The signs separation-anxious dogs commonly show, in roughly descending order of frequency:

  • Vocalization: Whining, howling, or barking that begins almost immediately and continues
  • Pacing: Repetitive movement, often along consistent routes, frequently near exits
  • Panting and drooling: Even in a cool, comfortable house
  • Destruction near exits: Scratching at doors and window frames, chewing the door jamb (this is escape behaviour, not boredom)
  • House soiling: Even in fully house-trained dogs, in patterns that match owner departure
  • Refusal to eat: A separation-anxious dog will often ignore a frozen Kong they would otherwise demolish
  • Self-injury: Broken teeth from chewing crate bars or door frames, abraded paws from digging, raw skin from licking

The single most diagnostic step you can take is to set up a phone or laptop camera and record what happens after you leave. Owners are often shocked by what they see. A dog who seems “fine” because the destruction is mild may actually be panicking continuously, just not destructively.

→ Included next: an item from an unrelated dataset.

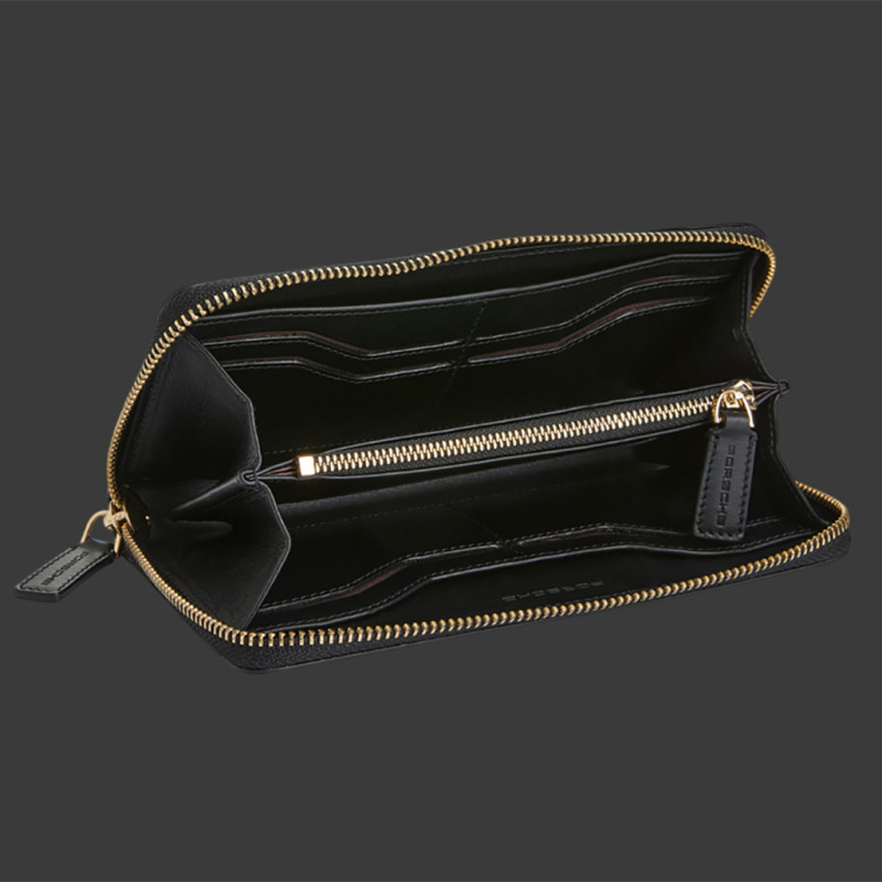 Die Designelemente sind von der Automobilwelt inspiriert: Die Konturen der Kartenfächer erinnern an die Linien der Taycan-Scheinwerfer, während die Kontrastnähte an den Stil von Porsche-Sitzen erinnern.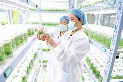 日前,在建德市新安种业有限公司的草莓智能培育温室里,技术人员在25℃的温度下,正在认真察看玻璃瓶内无菌草莓植株的长势。今年以来,该公司通过对红颜、建德红等14个草莓品种的培育炼苗,每年可为农户提供15万株优质原种苗作为草莓生产苗,助农增产增收。

What Separation Anxiety Is Not

Mislabelling is common because the symptoms overlap with other patterns:

Boredom and under-exercise

A young, high-energy dog left alone in an empty home for 9 hours will find something to do, and that something is often expensive. The tell is that the destruction is exploratory rather than escape-focused. Couch cushions, shoes, garbage bins, and remote controls in the middle of the home suggest boredom. Damage concentrated at doors, windows, and crates suggests anxiety.

Reaction to a specific trigger

Some dogs are fine when alone but react to delivery trucks, mail slot sounds, or neighbours. The barking is event-driven, not departure-driven. Camera footage shows long calm stretches punctuated by reactions, not continuous distress.

Adolescence

Dogs between 8 and 18 months often develop new “out of nowhere” anxieties as they pass through their second fear period. Some of these resolve on their own with consistency. Some develop into clinical separation anxiety. The difference is duration and intensity.

Cognitive dysfunction in seniors

Older dogs sometimes pace, vocalize, and seem distressed in ways that look like separation anxiety but are actually neurological. The pattern often includes disorientation when the owner is home, not just away. See our post on senior dog care for the broader picture.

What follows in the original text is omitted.